Modern tourists visiting the French region of Burgundy may encounter a large statue of the Gallic chieftain Vercingetorix near Alise-Sainte-Reine. On it, one can read: "La Gaule unie, Formant une seule nation, Animée d'un même esprit, Peut défier l'Univers (Gaul united, Forming a single nation, Animated by a common spirit, Can defy the Universe)." The text was taken from Caesar's Gallic War (7.29) and the statue was commissioned by Napoleon III a few years before the Franco-Prussian War. If the same tourists continue their way into Germany and towards Detmold (North Rhine-Westphalia), they might come upon a huge statue dedicated to Arminius (or Hermann), the German leader who defeated a Roman army in the forest of Teutoburg in 9 CE. The statue holds a sword which bears the following inscription: "Deutsche Einigkeit, meine Stärke.
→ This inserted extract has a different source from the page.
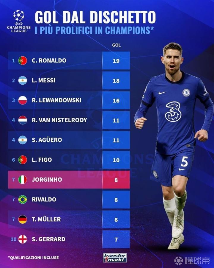 德国转会市场网站列出了欧冠改制后点球进球排行榜,C罗19球居首,梅西18球第二,若日尼奥8球列第七。
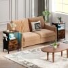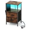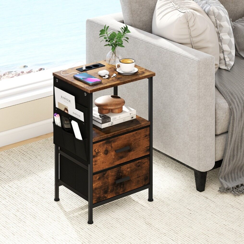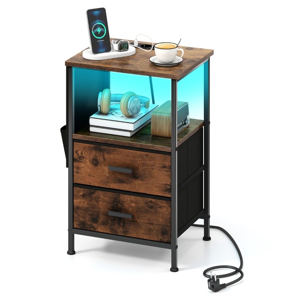Designed with your needs in mind, this sleek and modern bedside table features a 4-port charging station to charge all your devices. And that's not all! This nightstand is also a storage powerhouse, with a spacious top, an open shelf, 2 spacious drawers, and 6 side pockets. Finally, you can keep all your essentials organized and within reach. Crafted with attention to detail, our nightstand exudes rustic elegance. Its warm wood grain complements the matte black frame, adding a touch of sophistication to any decor. Plus, it's built to last with a sturdy metal frame, featuring adjustable feet for added stability.

Meine Stärke, Deutschlands Macht (German unity, my strength. My strength, Germany's might)." These two monuments are a vivid reminder of how both France and Germany used ancient history to bolster their political agenda in the late 19th century, the period Jürgen von Ungern-Sternberg's volume mostly deals with.

Les chers ennemis is a collection of essays previously published by von Ungern-Sternberg along with a few unpublished contributions. The volume takes its name from a passage in a letter written by the French scholar Ernest Renan addressed to Theodor Mommsen in the context of the Franco-Prussian War: "Tenez donc pour certain, mon cher ennemi que, quoi que vous disiez ou fassiez, vous aurez toujours en moi un admirateur et un ami." (9) The book offers an overview of the relations between French and German classicists in roughly the period 1850-1930.
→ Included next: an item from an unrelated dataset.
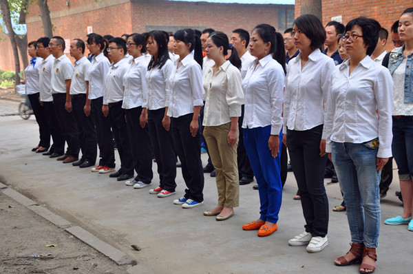在军训中,教官将队伍分成两队,一名教官负责一个小队,武警教官非常严格,军训刚开始,就让所有学员将手机交出,以保证军训质量,一人出现错误,罚所在小队全体人员做俯卧撑,初犯做10个,再犯15个,以此类推。方法虽然简单却很有效,学员们对军训中的每个口令和动作都重视起来。从早上7:50左右到下午5:30,除了吃饭休息时间,学员们整整训练了7个多小时,“一二一”“一二一”大家顶着炎炎烈日,喊着响亮的口号,和着整齐的步伐,还要不时避让经过的车辆。经过一天的训练,大家都很疲惫,但整体面貌大有改观,动作更加标准,整体行动整齐统一。下午5:30左右,两名警官带领自己的队伍进行了PK,对大家所学的内容进行了全面展示,大家激昂的精神面貌、响亮的口号、标准的动作、整齐的队伍本次军训交上了一份满意的答卷。在训练过程中,中博店行政经理周宏健在现场为大家准备好矿泉水、花露水,在做好后勤工作的同时,军人出身的他还协助教练纠正大家的动作,手把手的教大家动作要领,这种无私付出、积极帮助同事的品质值得我们学习。

The first two contributions highlight the collaboration between French and German scholars but also their different understanding of Roman history. Vercingetorix and Arminius are depicted through a detailed look at several French and German late 19th century ancient history works. German historians tended to represent Vercingetorix as a tragic hero whose defeat was ultimately positive because it brought about the emergence of Roman culture in Gaul. On the other hand, their French colleagues, especially after 1871, embittered by the war, depicted Arminius and the Germans in an unfavourable light. The most influential of them, Camille Jullian, the volumes of whose seminal Histoire de la Gaule were published before and over the course of World War 1, while praising Mommsen, went on to declare that: "Toute mon histoire de la Gaule est une œuvre d'insurrection contre les pages de Mommsen qui ont pesé sur toute la science française pendant cinquante ans." (59) A troubling feature of nearly all French and German classicists of the time, even men of immense and unequaled erudition such as Mommsen, was to attribute modern features of national character to the ancient Gauls and Germanic tribes.1 Although some scholars acknowledged that this was nothing more than projecting modern ideas into the ancient world, they were more prone to denounce this tendency among their neighbours on the other side of the Rhine than to admit that they were doing the same.2

The discussion on clientelae by Jean-Michel David was originally published in a Franco-German volume in the early 1990s and offers a useful summary of the origins of modern scholarship on clientelae. David highlights the fact that the first German studies on clientelae in the 19th century focused on the patricians in early Rome as the matrix of Roman society whereas those of the early 20th century (most famously Gelzer) tried to understand the functioning of the entire system. David's chapter is followed by a short response from von Ungern-Sternberg. The next essay zooms in on the work of Gaston Boissier, Matthias Gelzer, and Eugen Täubler on the Roman republic. Von Ungern-Sternberg shows how the society in which each historian lived influenced his perception of Roman history. While Boissier witnessed the power politics of his time in Paris, Gelzer observed the declining aristocratic structures in Switzerland. Partly due to this, both focused on the Roman aristocracy in their work at the expense of other social classes. On the other hand, Täubler, who lived in the province of Posen (modern-day Poznań), was influenced by his perception of the Prussian state in arguing that it was the state which was the most important force in society.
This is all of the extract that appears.